The problem:
For this exercise, transcribe all the entries exactly as given and omit the images.

Dataset records
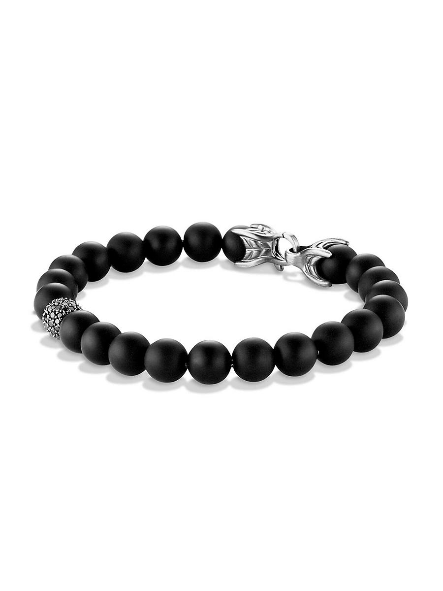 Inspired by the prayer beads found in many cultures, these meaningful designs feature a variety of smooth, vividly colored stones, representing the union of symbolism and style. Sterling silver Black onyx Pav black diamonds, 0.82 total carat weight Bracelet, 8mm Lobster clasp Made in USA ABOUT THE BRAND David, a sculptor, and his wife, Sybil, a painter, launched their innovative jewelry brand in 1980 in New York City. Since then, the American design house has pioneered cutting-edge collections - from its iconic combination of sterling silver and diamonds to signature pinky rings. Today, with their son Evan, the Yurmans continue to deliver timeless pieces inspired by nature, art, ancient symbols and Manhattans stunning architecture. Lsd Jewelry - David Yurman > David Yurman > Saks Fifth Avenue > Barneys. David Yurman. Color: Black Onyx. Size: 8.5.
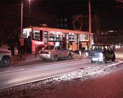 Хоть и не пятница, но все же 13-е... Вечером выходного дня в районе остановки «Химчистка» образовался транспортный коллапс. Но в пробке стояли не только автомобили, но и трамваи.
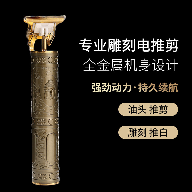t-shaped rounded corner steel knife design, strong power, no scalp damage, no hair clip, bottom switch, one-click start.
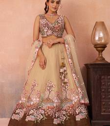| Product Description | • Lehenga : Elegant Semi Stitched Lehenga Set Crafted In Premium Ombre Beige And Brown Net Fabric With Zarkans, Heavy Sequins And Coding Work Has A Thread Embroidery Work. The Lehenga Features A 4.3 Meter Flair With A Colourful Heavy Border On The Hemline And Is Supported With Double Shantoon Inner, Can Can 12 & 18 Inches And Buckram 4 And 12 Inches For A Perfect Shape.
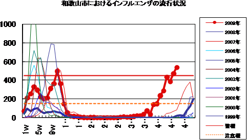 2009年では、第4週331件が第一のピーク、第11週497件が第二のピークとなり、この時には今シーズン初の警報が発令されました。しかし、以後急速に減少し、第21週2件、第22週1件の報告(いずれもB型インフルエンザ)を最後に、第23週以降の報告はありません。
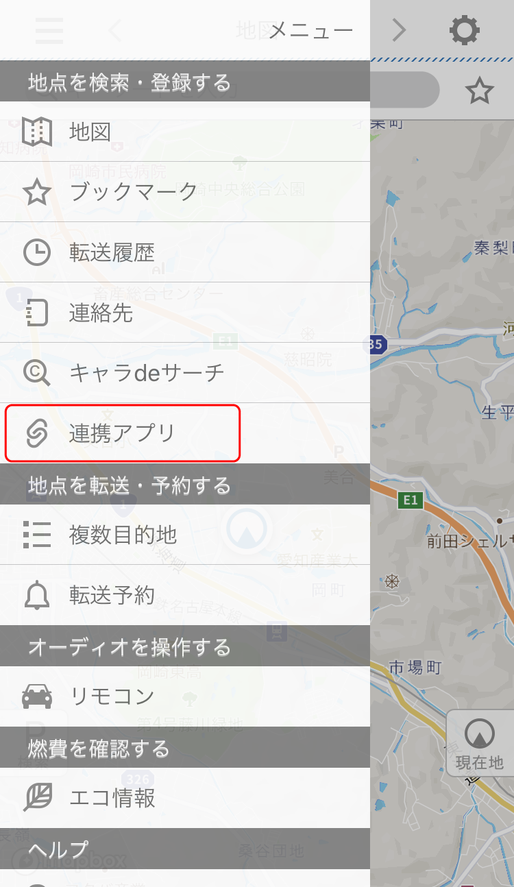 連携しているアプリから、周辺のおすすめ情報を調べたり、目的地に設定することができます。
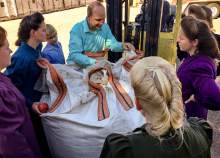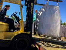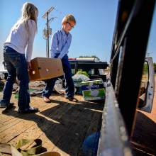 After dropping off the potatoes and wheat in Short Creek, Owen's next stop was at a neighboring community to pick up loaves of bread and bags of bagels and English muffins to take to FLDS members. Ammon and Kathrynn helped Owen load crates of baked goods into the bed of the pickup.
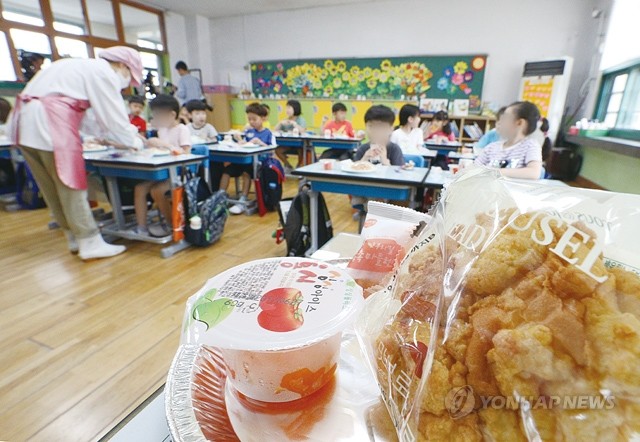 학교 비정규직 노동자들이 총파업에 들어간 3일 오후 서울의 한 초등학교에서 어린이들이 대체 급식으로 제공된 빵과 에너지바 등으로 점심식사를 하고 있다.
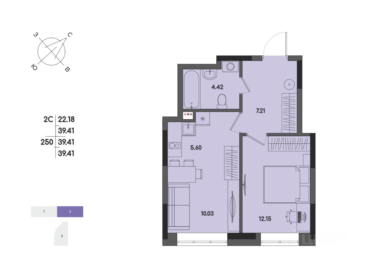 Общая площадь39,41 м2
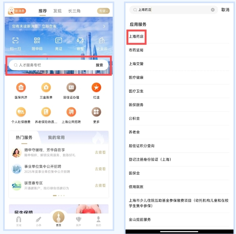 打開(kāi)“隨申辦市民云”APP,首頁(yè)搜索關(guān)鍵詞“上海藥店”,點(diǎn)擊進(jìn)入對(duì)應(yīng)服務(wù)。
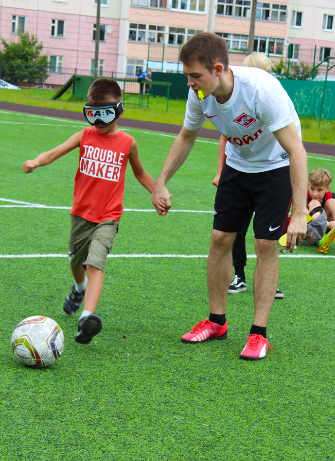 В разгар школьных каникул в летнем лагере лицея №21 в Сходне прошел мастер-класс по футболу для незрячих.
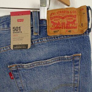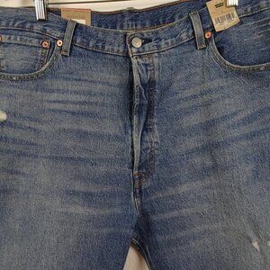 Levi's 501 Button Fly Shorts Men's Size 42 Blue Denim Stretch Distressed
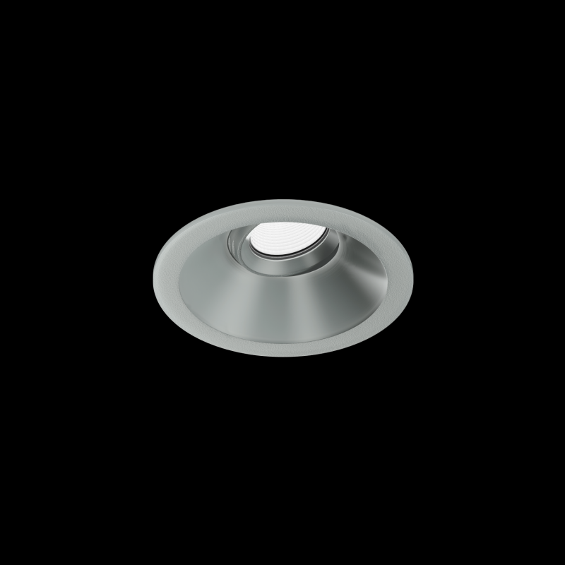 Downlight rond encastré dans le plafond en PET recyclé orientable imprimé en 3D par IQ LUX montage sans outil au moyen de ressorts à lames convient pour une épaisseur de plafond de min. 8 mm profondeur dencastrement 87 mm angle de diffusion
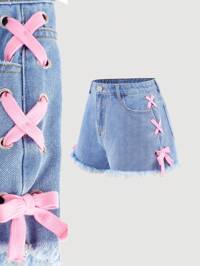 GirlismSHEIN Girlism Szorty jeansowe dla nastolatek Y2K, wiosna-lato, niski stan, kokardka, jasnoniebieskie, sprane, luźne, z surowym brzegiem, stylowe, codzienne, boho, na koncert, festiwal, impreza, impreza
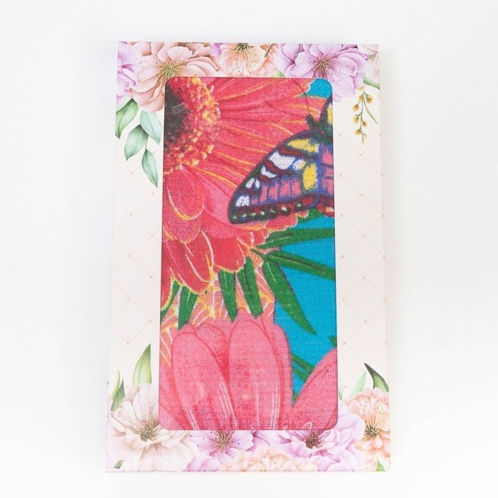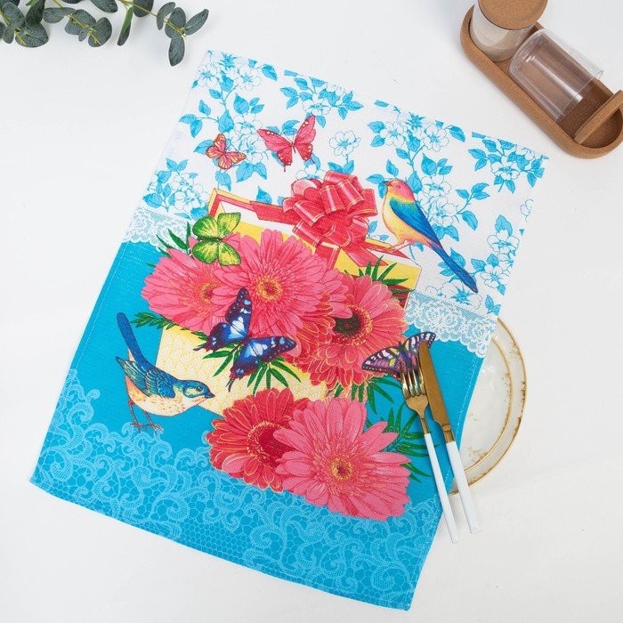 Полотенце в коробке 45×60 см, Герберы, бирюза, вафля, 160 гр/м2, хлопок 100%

Response:
 Inspired by the prayer beads found in many cultures, these meaningful designs feature a variety of smooth, vividly colored stones, representing the union of symbolism and style. Sterling silver Black onyx Pav black diamonds, 0.82 total carat weight Bracelet, 8mm Lobster clasp Made in USA ABOUT THE BRAND David, a sculptor, and his wife, Sybil, a painter, launched their innovative jewelry brand in 1980 in New York City. Since then, the American design house has pioneered cutting-edge collections - from its iconic combination of sterling silver and diamonds to signature pinky rings. Today, with their son Evan, the Yurmans continue to deliver timeless pieces inspired by nature, art, ancient symbols and Manhattans stunning architecture. Lsd Jewelry - David Yurman > David Yurman > Saks Fifth Avenue > Barneys. David Yurman. Color: Black Onyx. Size: 8.5.
 Хоть и не пятница, но все же 13-е... Вечером выходного дня в районе остановки «Химчистка» образовался транспортный коллапс. Но в пробке стояли не только автомобили, но и трамваи.
t-shaped rounded corner steel knife design, strong power, no scalp damage, no hair clip, bottom switch, one-click start.
| Product Description | • Lehenga : Elegant Semi Stitched Lehenga Set Crafted In Premium Ombre Beige And Brown Net Fabric With Zarkans, Heavy Sequins And Coding Work Has A Thread Embroidery Work. The Lehenga Features A 4.3 Meter Flair With A Colourful Heavy Border On The Hemline And Is Supported With Double Shantoon Inner, Can Can 12 & 18 Inches And Buckram 4 And 12 Inches For A Perfect Shape.
 2009年では、第4週331件が第一のピーク、第11週497件が第二のピークとなり、この時には今シーズン初の警報が発令されました。しかし、以後急速に減少し、第21週2件、第22週1件の報告(いずれもB型インフルエンザ)を最後に、第23週以降の報告はありません。
 連携しているアプリから、周辺のおすすめ情報を調べたり、目的地に設定することができます。
 After dropping off the potatoes and wheat in Short Creek, Owen's next stop was at a neighboring community to pick up loaves of bread and bags of bagels and English muffins to take to FLDS members. Ammon and Kathrynn helped Owen load crates of baked goods into the bed of the pickup.
 학교 비정규직 노동자들이 총파업에 들어간 3일 오후 서울의 한 초등학교에서 어린이들이 대체 급식으로 제공된 빵과 에너지바 등으로 점심식사를 하고 있다.
 Общая площадь39,41 м2
 打開(kāi)“隨申辦市民云”APP,首頁(yè)搜索關(guān)鍵詞“上海藥店”,點(diǎn)擊進(jìn)入對(duì)應(yīng)服務(wù)。
 В разгар школьных каникул в летнем лагере лицея №21 в Сходне прошел мастер-класс по футболу для незрячих.
 Levi's 501 Button Fly Shorts Men's Size 42 Blue Denim Stretch Distressed
 Downlight rond encastré dans le plafond en PET recyclé orientable imprimé en 3D par IQ LUX montage sans outil au moyen de ressorts à lames convient pour une épaisseur de plafond de min. 8 mm profondeur dencastrement 87 mm angle de diffusion
 GirlismSHEIN Girlism Szorty jeansowe dla nastolatek Y2K, wiosna-lato, niski stan, kokardka, jasnoniebieskie, sprane, luźne, z surowym brzegiem, stylowe, codzienne, boho, na koncert, festiwal, impreza, impreza
 Полотенце в коробке 45×60 см, Герберы, бирюза, вафля, 160 гр/м2, хлопок 100%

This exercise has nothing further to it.